Zarqawi’s Al-Qaeda-allied group threatened on Tuesday to behead a Japanese hostage within 48 hours unless Tokyo withdrew its 550 noncombat troops from Iraq. Japan rejected the demand.
The deadline passed without any firm word on the fate of 24-year-old traveler Shosei Kado, but Japan’s Foreign Ministry said it was checking a report that the body of an Asian had been found in Tikrit, Saddam Hussein’s hometown. Police in Tikrit confirmed yesterday they had found an unidentified body, but its description did not fit Koda.

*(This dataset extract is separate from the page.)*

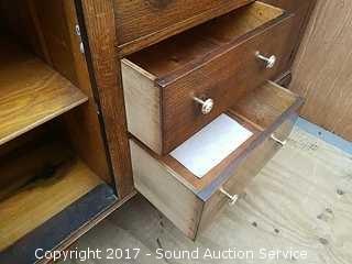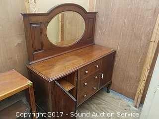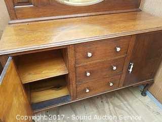 Lot #0160: Antique Oak Mirror back Sideboard Buffet

But the Japanese government was told early today that the Japanese hostage has been killed, the Kyodo news agency reported in Tokyo. A body found near the Iraqi town of Tikrit was identified as that of Shosei Koda, a 24-year-old backpacker captured by militants, the news agency said, quoting a Japanese ruling party official whose name was not given.
“We are not in the stage of saying anything at the moment,” a Foreign Ministry spokesman said as the report came out overnight in Tokyo. But Japan’s public broadcaster NHK, quoting a US official out of Baghdad, said Japan had been notified that the body had been identified as that of Koda.
A deputy governor of Diyalah province in eastern Iraq, was shot dead by unknown attackers yesterday, police said. “One of the deputy governors, Akil Al-Adili, was gunned down in the northeast of Baquba,” said police Lt. Hassan Mahmoud. Three men attacked the official as he went to an estate agency in the city, 60 kilometers northeast of Baghdad.